Directions –
Beginning with the line that holds "Како преноси шпански" and ending with the last line of the entries below, copy every line exactly and nothing else, with the pictures left out.

Extracted records –
------------------------------------------------
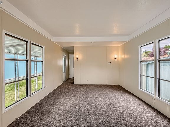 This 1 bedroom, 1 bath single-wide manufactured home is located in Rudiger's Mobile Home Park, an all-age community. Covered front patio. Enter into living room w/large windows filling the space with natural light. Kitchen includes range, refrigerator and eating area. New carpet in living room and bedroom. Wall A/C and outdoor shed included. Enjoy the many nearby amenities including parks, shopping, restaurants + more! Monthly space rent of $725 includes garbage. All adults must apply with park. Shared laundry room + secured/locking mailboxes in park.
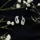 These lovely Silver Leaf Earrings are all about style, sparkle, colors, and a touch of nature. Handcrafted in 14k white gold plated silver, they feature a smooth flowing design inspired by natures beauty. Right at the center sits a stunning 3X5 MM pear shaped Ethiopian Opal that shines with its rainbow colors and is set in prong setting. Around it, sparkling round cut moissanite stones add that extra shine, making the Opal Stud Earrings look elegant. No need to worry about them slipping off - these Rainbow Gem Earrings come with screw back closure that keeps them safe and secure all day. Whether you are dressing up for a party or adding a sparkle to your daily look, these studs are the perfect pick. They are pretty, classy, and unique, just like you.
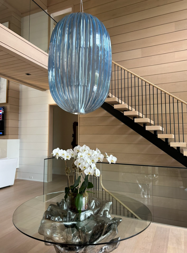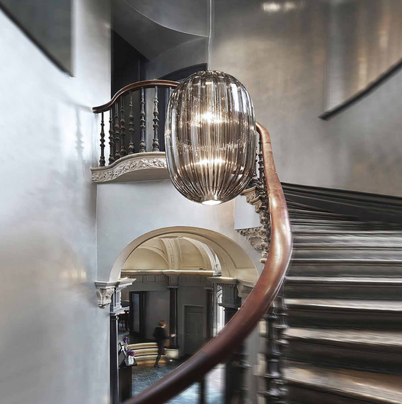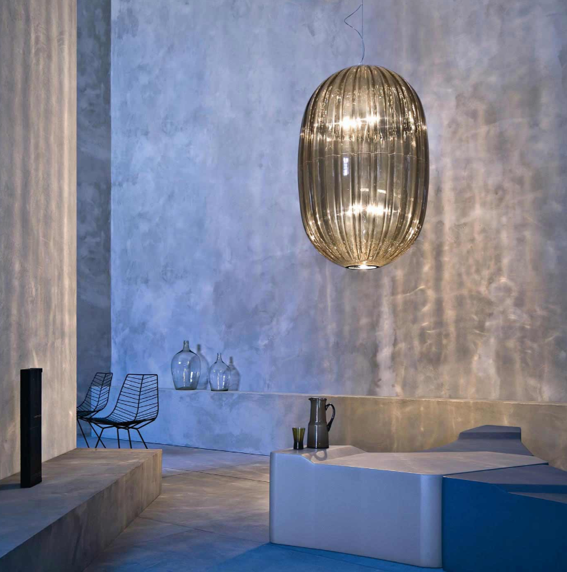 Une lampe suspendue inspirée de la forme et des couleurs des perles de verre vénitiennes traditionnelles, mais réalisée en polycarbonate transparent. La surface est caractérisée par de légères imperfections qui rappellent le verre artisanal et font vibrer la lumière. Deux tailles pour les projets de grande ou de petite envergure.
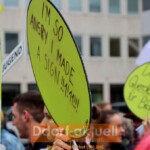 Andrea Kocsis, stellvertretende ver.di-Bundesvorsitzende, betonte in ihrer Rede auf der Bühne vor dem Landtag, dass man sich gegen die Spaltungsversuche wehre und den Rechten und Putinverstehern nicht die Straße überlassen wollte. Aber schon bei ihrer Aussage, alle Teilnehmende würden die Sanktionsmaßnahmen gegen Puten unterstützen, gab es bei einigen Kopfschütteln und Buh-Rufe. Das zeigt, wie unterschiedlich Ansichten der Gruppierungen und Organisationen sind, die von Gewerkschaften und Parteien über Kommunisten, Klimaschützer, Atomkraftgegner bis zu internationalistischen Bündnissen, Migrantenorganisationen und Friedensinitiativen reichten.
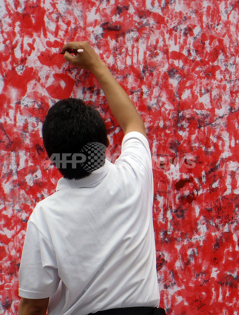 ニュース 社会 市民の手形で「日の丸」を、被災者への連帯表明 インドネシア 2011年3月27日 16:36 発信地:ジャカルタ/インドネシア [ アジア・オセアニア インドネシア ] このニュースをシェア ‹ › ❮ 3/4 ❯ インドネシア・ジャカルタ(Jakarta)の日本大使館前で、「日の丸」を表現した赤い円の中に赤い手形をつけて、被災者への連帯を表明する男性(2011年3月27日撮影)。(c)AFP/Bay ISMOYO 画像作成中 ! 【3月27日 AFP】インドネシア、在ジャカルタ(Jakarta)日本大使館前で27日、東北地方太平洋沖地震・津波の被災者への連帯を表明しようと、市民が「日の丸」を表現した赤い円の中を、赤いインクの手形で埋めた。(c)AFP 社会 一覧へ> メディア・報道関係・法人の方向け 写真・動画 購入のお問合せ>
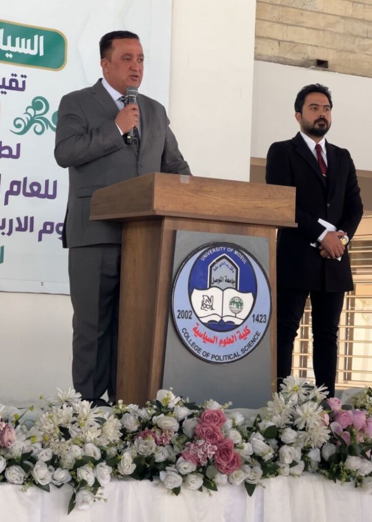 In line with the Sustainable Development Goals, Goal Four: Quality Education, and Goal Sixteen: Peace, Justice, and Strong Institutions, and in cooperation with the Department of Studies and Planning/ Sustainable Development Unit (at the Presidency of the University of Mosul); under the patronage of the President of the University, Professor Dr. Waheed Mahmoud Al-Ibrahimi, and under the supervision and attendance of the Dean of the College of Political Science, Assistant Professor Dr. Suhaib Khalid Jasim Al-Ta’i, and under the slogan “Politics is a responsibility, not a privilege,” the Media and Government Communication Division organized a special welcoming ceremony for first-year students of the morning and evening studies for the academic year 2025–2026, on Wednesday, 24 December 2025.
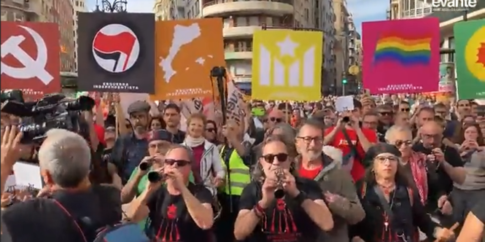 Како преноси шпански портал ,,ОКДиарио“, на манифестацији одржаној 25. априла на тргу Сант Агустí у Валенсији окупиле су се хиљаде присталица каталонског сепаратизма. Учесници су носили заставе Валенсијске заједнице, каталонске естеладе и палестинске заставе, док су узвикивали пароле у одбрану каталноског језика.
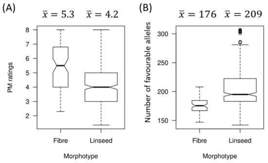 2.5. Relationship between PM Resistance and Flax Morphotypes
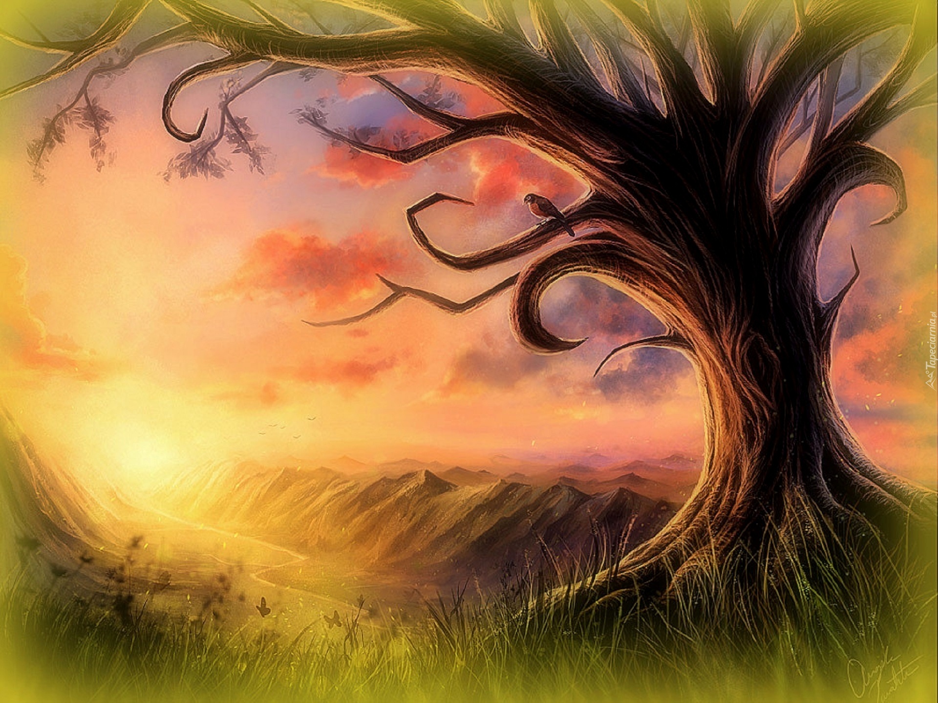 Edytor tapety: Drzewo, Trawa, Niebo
------------------------------------------------
Task result –
 Како преноси шпански портал ,,ОКДиарио“, на манифестацији одржаној 25. априла на тргу Сант Агустí у Валенсији окупиле су се хиљаде присталица каталонског сепаратизма. Учесници су носили заставе Валенсијске заједнице, каталонске естеладе и палестинске заставе, док су узвикивали пароле у одбрану каталноског језика.
 2.5. Relationship between PM Resistance and Flax Morphotypes
 Edytor tapety: Drzewo, Trawa, Niebo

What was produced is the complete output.